Given data:
######
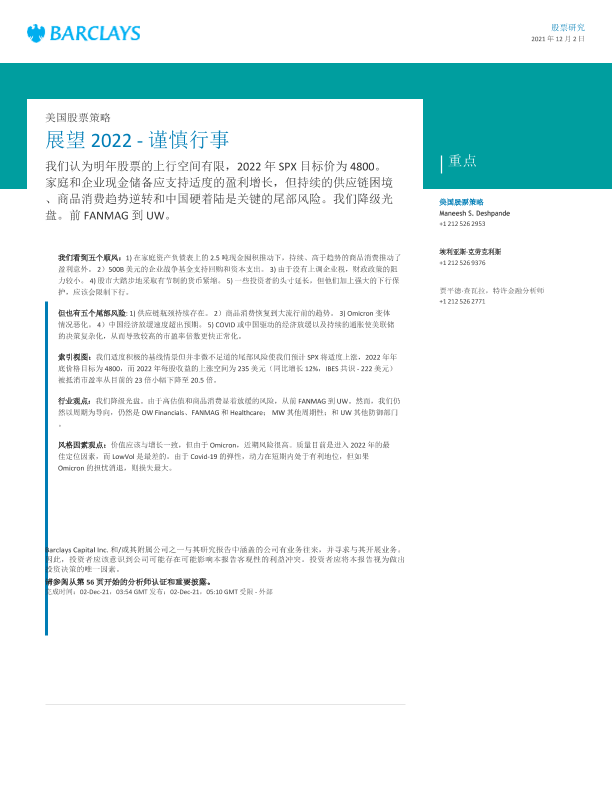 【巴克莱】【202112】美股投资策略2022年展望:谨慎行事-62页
######
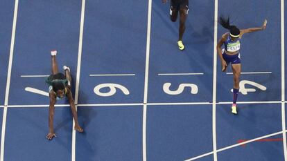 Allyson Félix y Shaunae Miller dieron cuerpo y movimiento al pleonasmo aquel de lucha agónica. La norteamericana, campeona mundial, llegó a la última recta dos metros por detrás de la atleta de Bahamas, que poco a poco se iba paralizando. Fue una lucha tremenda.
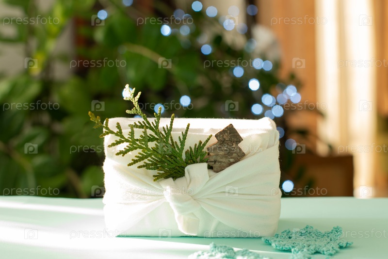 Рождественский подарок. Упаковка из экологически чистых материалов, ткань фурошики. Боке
######
Exercise aim:
Line for line, output the entries above from the line with "Allyson Félix y" to the line with "Рождественский подарок. Упаковка", both included, and nothing more. Skip pictures.

The answer:
 Allyson Félix y Shaunae Miller dieron cuerpo y movimiento al pleonasmo aquel de lucha agónica. La norteamericana, campeona mundial, llegó a la última recta dos metros por detrás de la atleta de Bahamas, que poco a poco se iba paralizando. Fue una lucha tremenda.
 Рождественский подарок. Упаковка из экологически чистых материалов, ткань фурошики. Боке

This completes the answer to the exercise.